Longchamp and Jeremy Scott have marked two decades of partnership with the release of a New York-themed capsule collection, celebrating a collaboration that began in 2006 and has produced some of the French house’s most irreverent and commercially successful pieces. The collection, unveiled at a star-studded event in Manhattan attended by Zoey Deutch, Kate Mara, and Emma Roberts, features Scott’s signature graphic irreverence applied to Longchamp’s iconic Le Pliage silhouette — a travel bag that has become a canvas for the designer’s playful subversions of American and French visual culture.
The capsule centers on a limited-edition Le Pliage travel bag emblazoned with Scott’s characteristic pop-art motifs: skulls rendered in candy colors, bold typography referencing New York’s taxi-cab vernacular, and a stars-and-stripes treatment that winks at patriotism rather than declaring it.
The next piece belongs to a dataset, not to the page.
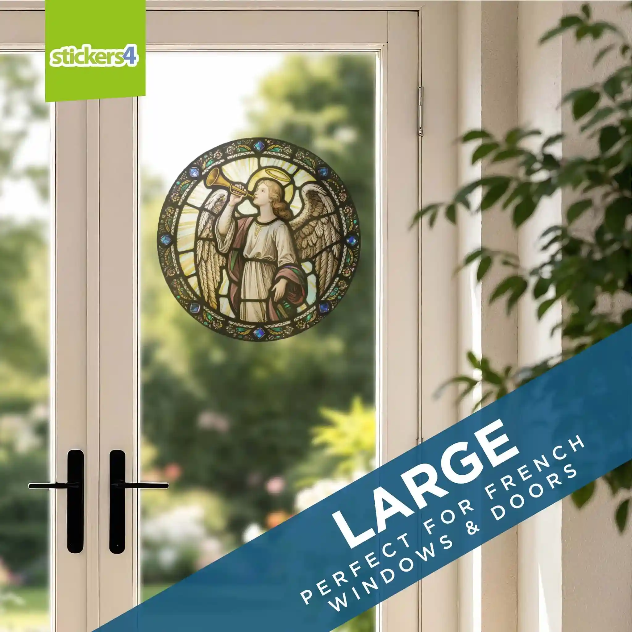 Angel with Trumpet Stained Glass Window Cling Sticker

The pieces are produced in Longchamp’s signature nylon with leather trim — the same construction that has made Le Pliage an enduring object of functional luxury. What Scott adds is a layer of cultural commentary that transforms the bag from a utilitarian staple into a collector’s item.
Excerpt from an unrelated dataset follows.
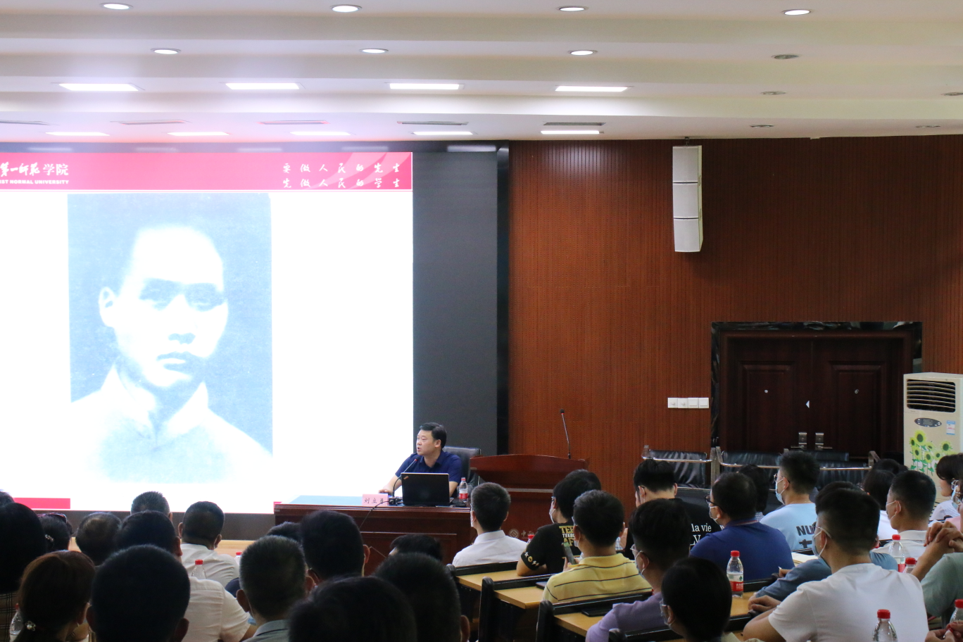 本次党课主要从两个方面展开,第一部分是追忆伟人,不忘初心,做奋斗者。湖南省是名人故里、伟人摇篮,在此环节,刘教授主要讲述了毛泽东的经历与事迹。他首先提到晚清重臣胡林翼、湖湘文化理学鼻祖周敦颐、王夫之、曾国藩对毛泽东产生的重大影响。随后,讲解了青年毛泽东的壮志与经历:毛泽东跨进湖南第一师范祥赌必赢

The longevity of the Longchamp-Scott partnership is itself a case study in the economics of brand-designer relationships. In an era where creative directors cycle through houses with the frequency of seasonal collections, a 20-year collaboration is almost unheard of. The relationship works, in part, because it exists outside the conventional fashion calendar — Scott is not Longchamp’s creative director but an ongoing collaborator whose seasonal interventions function as limited-edition moments rather than full-season commitments. This structure allows for creative risk without the weight of full-scale brand repositioning.
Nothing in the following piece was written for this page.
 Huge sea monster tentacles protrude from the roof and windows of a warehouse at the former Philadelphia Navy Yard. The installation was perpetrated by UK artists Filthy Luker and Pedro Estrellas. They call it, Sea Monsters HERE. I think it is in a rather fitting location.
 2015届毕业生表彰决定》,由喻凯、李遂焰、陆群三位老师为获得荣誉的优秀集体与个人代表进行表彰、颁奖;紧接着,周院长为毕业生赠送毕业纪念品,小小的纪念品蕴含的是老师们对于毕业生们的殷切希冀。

The event itself — held at a loft space in SoHo — drew a cross-section of New York’s creative class, from fashion editors to musicians to actors. Co hosted by Coco Rocha, who wore a dramatic feathered look that riffed on the avian motifs of Scott’s earlier Longchamp collections, the evening underscored the genuine affection that the fashion community holds for this partnership. Few collaborations can claim two decades of consistent output; fewer still can claim to have maintained their creative energy across that span.